A group of 16 people bought tickets to a museum. They paid a total of $56. Each adult ticket costs $4 and each child ticket costs $2. Formulate and solve a system of equations to determine how many adult tickets and child tickets did they buy.
A: 4 adult tickets, 12 child tickets
B: 8 adult tickets, 8 child tickets
C: 10 adult tickets, 6 child tickets
D: 12 adult tickets, 4 child tickets
Let's denote the number of adult tickets by A and the number of child tickets by C.

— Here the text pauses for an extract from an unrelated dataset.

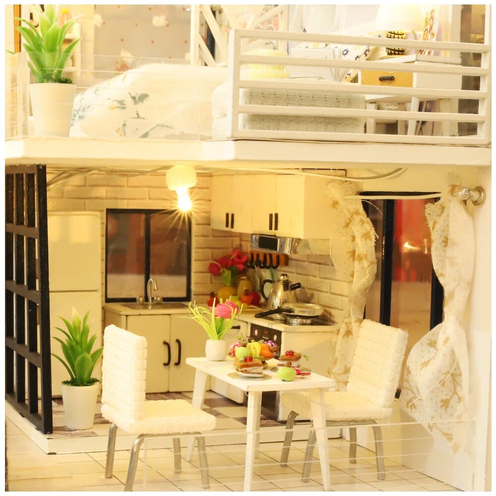 Questa casa in miniatura è stata progettata con grande attenzione ai dettagli, offrendo uno spazio di gioco realistico e affascinante per le bambine.
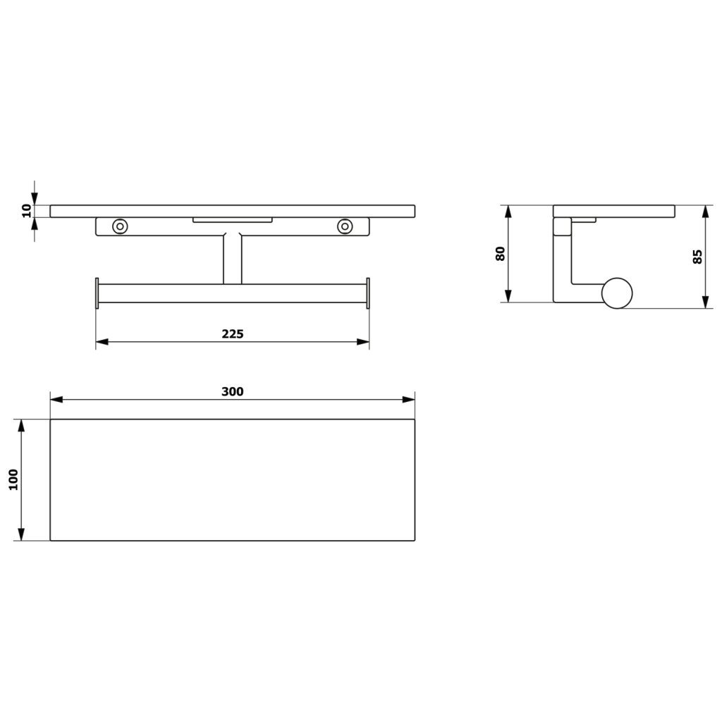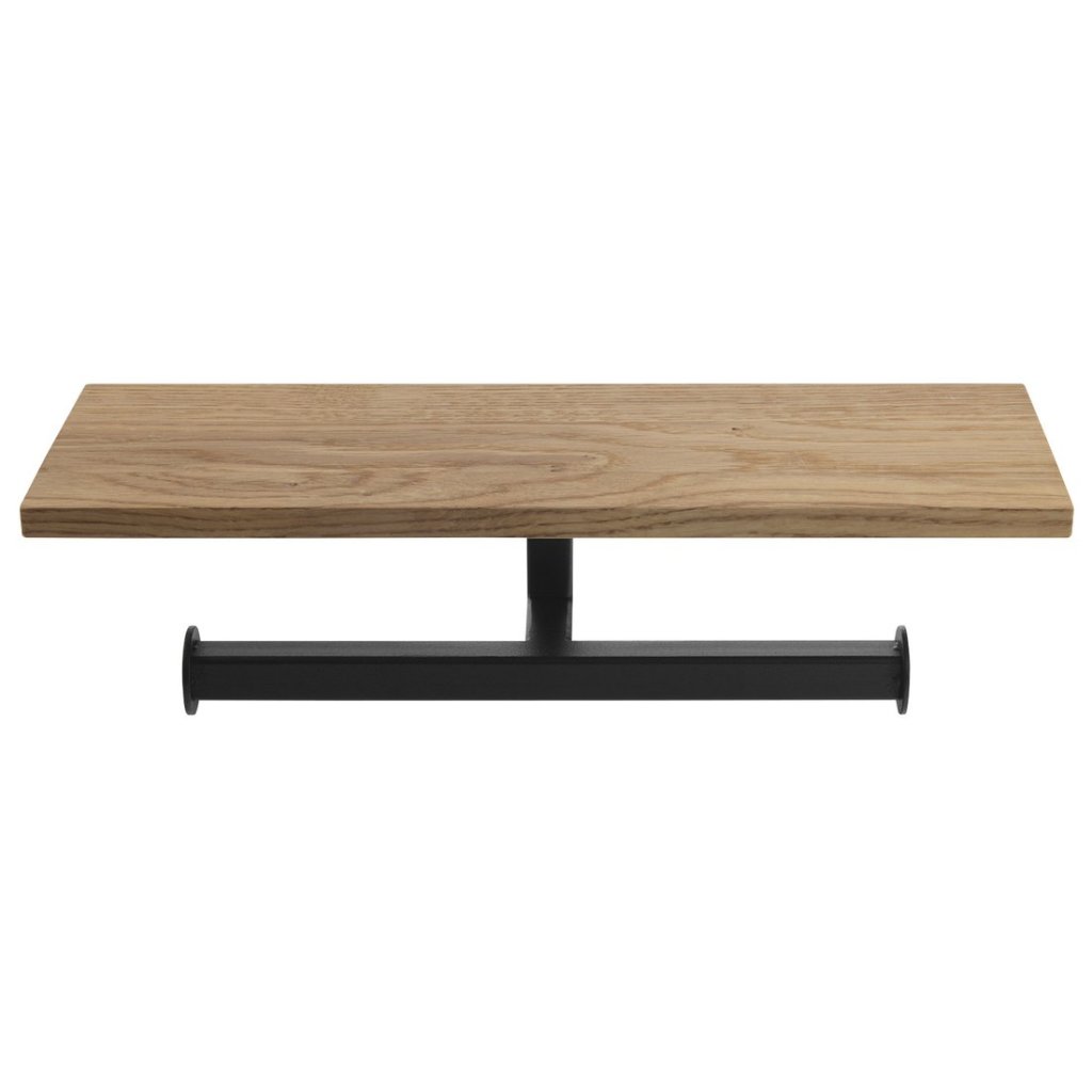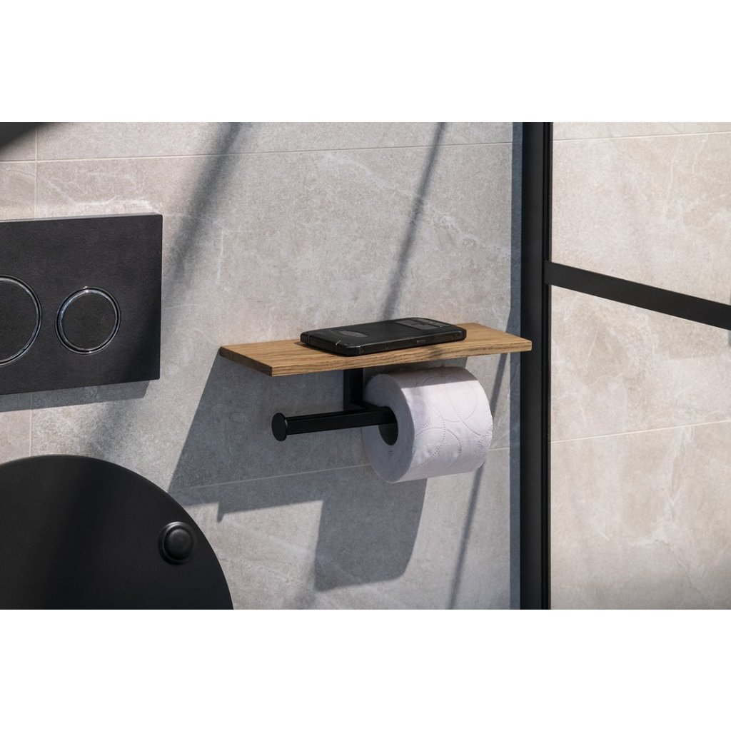 Sapho, SKA dvojitý držák toaletního papíru s poličkou 30x8x10cm, černá matná/dub, SKA425

From the given information, we can form the following system of equations:
1) A + C = 16 (equation representing the total number of tickets bought)
2) 4A + 2C = 56 (equation representing the total cost of the tickets)
To solve the system, we can use the method of substitution or elimination.
Let's use the method of substitution:
From equation 1, we can express A in terms of C as A = 16 - C.
Substituting this value of A into equation 2, we get:
4(16 - C) + 2C = 56
64 - 4C + 2C = 56
64 - 2C = 56
-2C = -8
C = 4
Substituting the value of C back into equation 1, we can find A:
A + 4 = 16
A = 12
Therefore, they bought 12 adult tickets and 4 child tickets.
The answer is option D: 12 adult tickets, 4 child tickets.